Inverse of weight and thickness — heavier and thicker laptops score lower. Weight dominates at 70% since it's the primary portability pain point.

// Both are inverted — lighter = higher score

Portability = normalize(3.5 − weight_kg, 0, 2.7) × 0.70

+ normalize(35 − thickness_mm, 0, 25) × 0.30

Surface Pro 11 at 0.895kg, 9.3mm → Portability ≈ 96

Value

15% weight *

Performance per dollar. Dataset-normalized so a budget laptop with good specs genuinely outranks an expensive flagship on this dimension.

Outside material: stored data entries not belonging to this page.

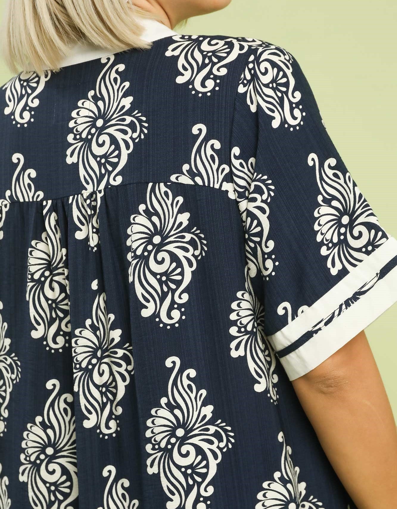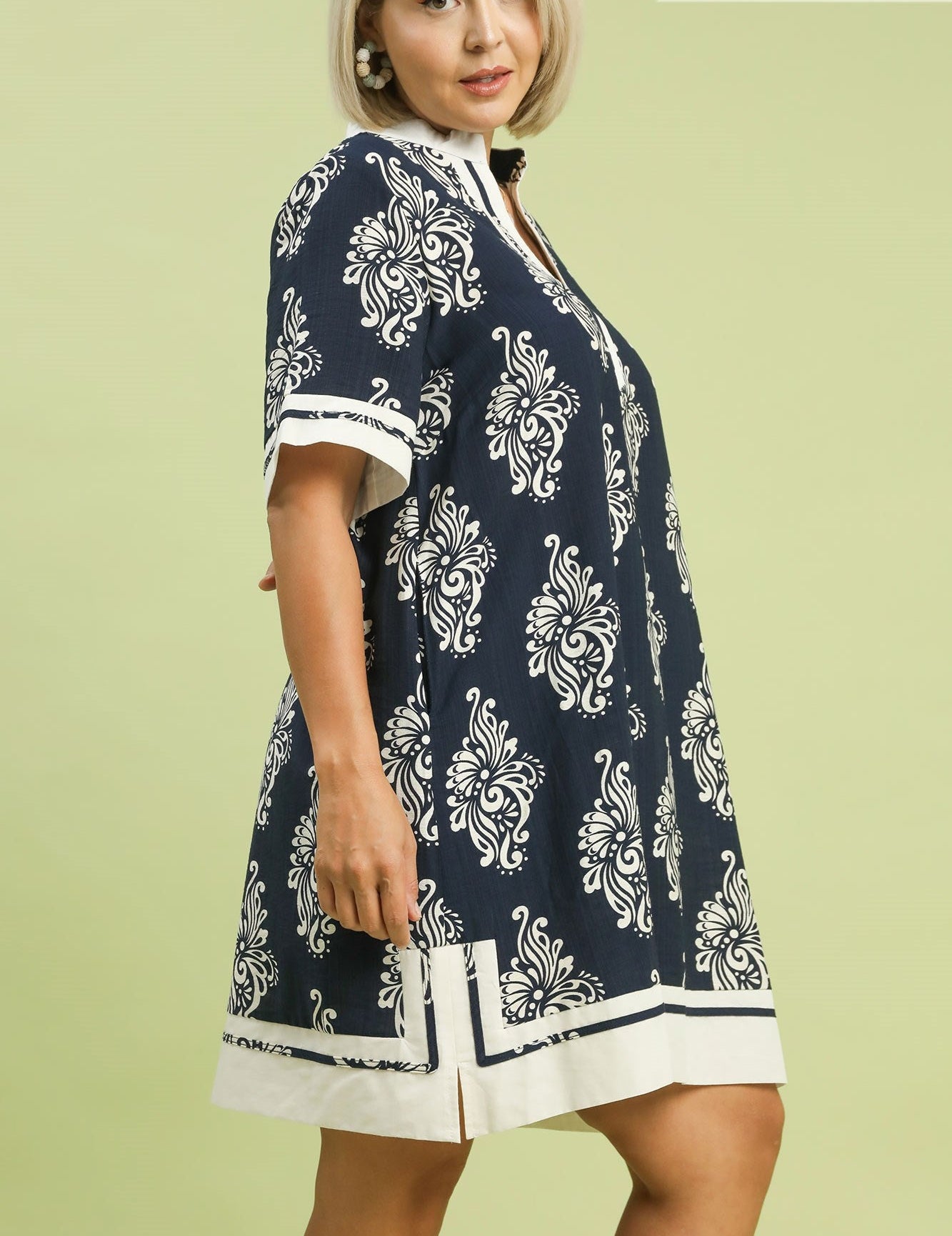 Embrace elegance with this Abstract Print Tunic now in navy. The 3/4 sleeves and print add a refined touch, while the tunic style ensures comfortable wear and a flattering silhouette. Perfect for dressing up or down, this dress combines classic baroque like patterns with modern ease, making it a versatile addition to your wardrobe.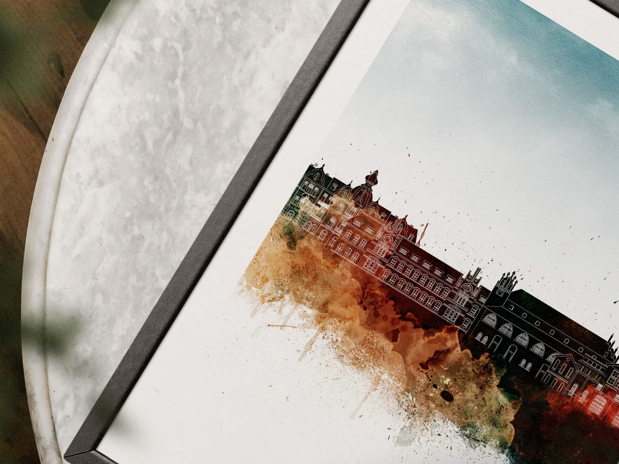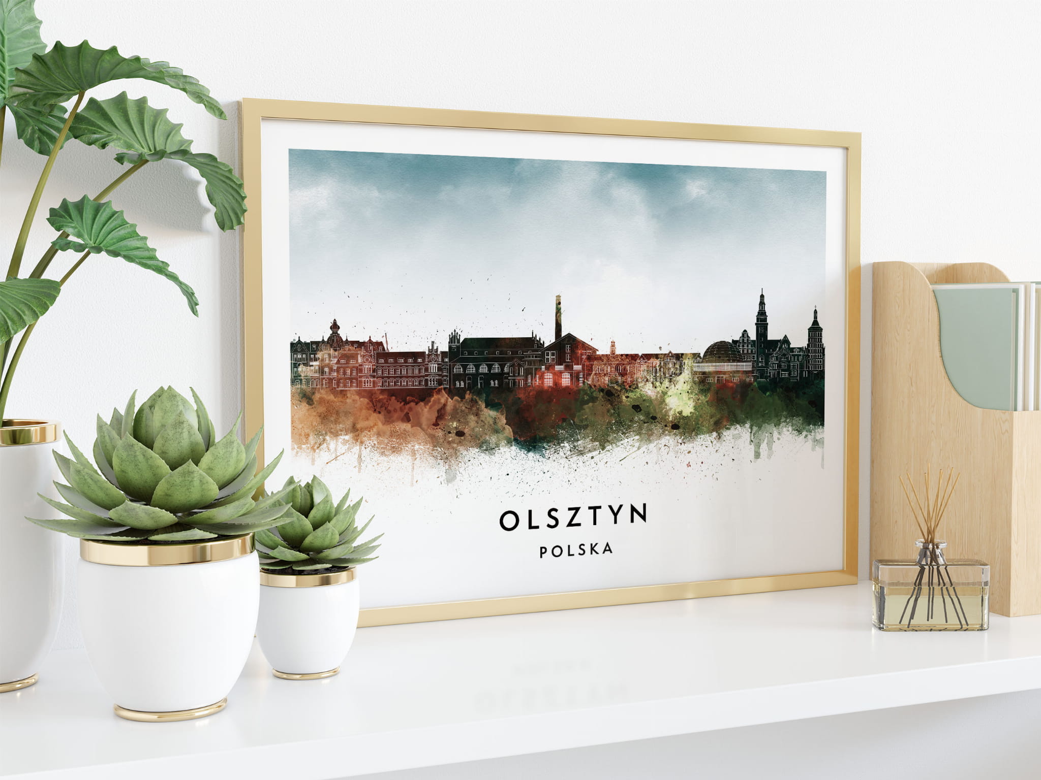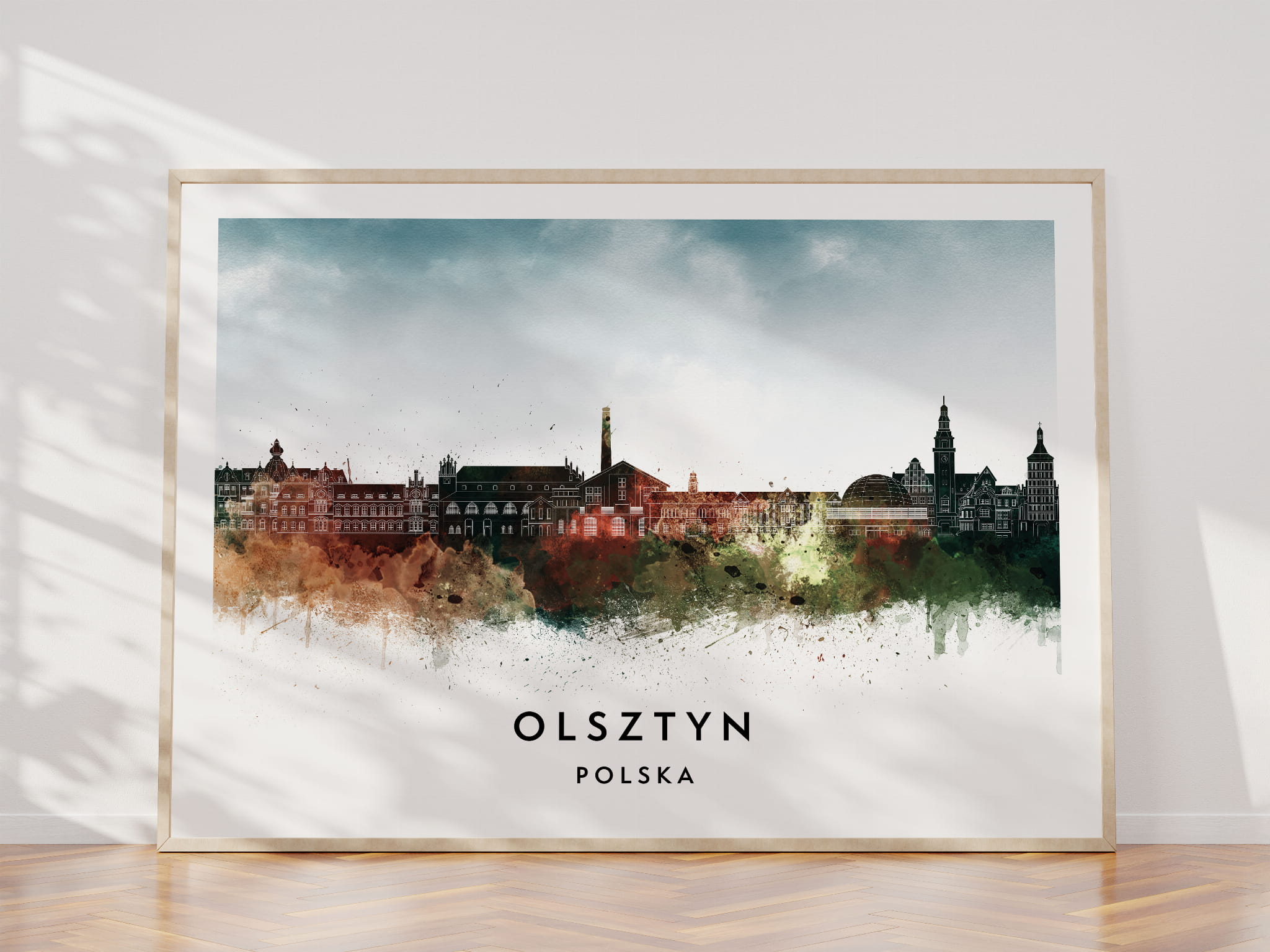 Plakat do salonu skylines Olsztyn w stylu Watercolor/ Akwarelowym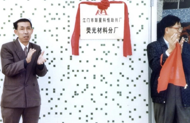 1997年10月28日,公司举行荧光材料分厂揭牌仪式,开始涉足稀土发光材料领域。(左:时任丝袜av 主任范康年)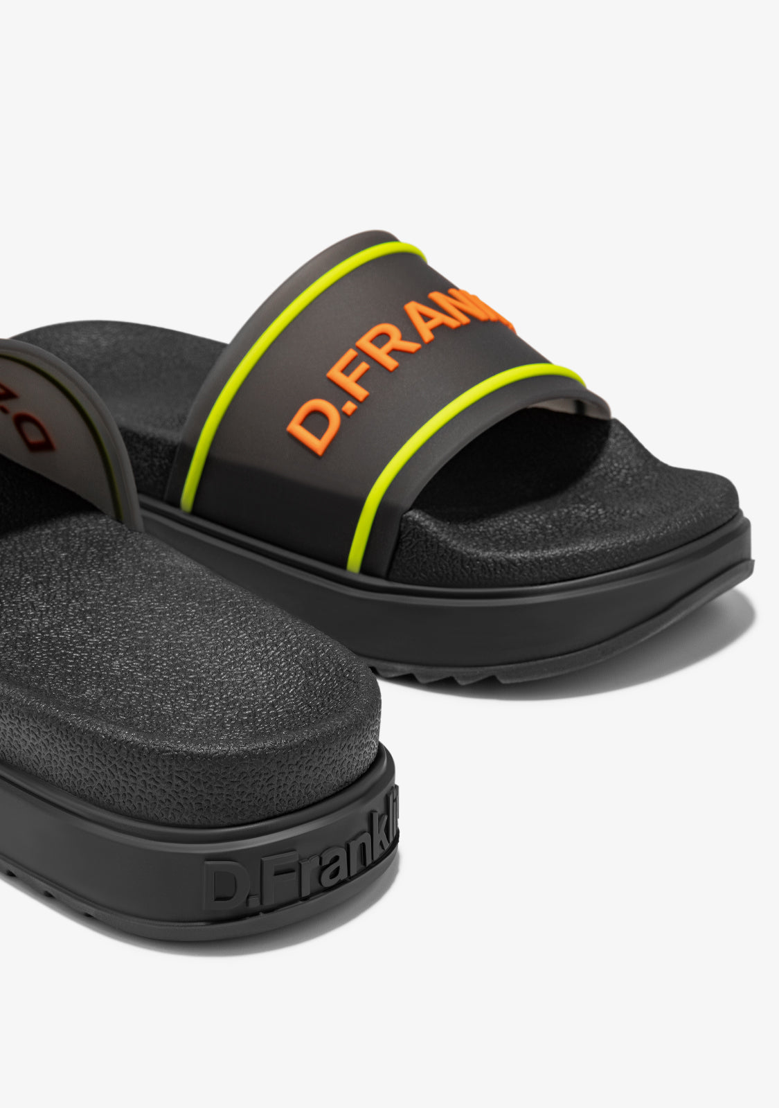 Le modèle DANA de D.Franklin dispose d'une large sangle synthétique de ton foncé qui assure un bon maintien. Il présente également notre emblème D.Franklin sur le dessus avec des détails orange et vert. La conception de la semelle est moulée pour épouser parfaitement la forme du pied.

Uses MSRP for static scoring.

// Raw ratio

value_raw = performance_score / (msrp_usd / 1000)

// Normalize across full dataset

value_score = (raw − dataset_min) / (dataset_max − dataset_min) × 100

$499 IdeaPad Slim 3i → value_raw ≈ 28. $3,779 ROG G16 → value_raw ≈ 25

Build

10% weight *

Chassis material + MIL-SPEC certification. MIL-STD-810 adds 15 bonus points — real-world durability has tangible value, especially in business and 2-in-1 segments.

// Material base scores

carbon-fiber = 90 magnesium = 85 aluminum = 80

mixed = 65 plastic = 50

Build = material_score + (mil_spec ? 15 : 0) // capped at 100

Carbon fiber + MIL-SPEC (ThinkPad X1) → Build = 90 + 15 = 100

Frequently Asked Questions

Can a laptop's score change without any spec changes?

Yes — the Value score is dataset-relative. If new laptops are added with better or worse value ratios, existing scores shift slightly to maintain proper normalization across the full set.

Do review scores affect the composite score?

Review scores from publications are displayed for reference but are not currently factored into the composite score. The composite is derived entirely from structured spec data.

Why does a gaming laptop score low on an Ultrabook profile?

The Ultrabook profile weights battery (25%) and portability (20%) heavily. A 2.5kg gaming laptop with 6h battery will score poorly on those dimensions, dragging the composite down even if its performance score is excellent.

How is the "Performance / $" sort different from the Value score?

The Value score uses a normalized 0–100 scale across the dataset. The "Performance / $" sort uses the raw ratio of (CPU + GPU index) / price — simpler and more linear. Both tell a similar story but with different sensitivities.

Are affiliate relationships factored into scores or rankings?

No. Scores are computed mechanically from spec data. Rankings cannot be purchased or influenced. See our editorial policy for full details.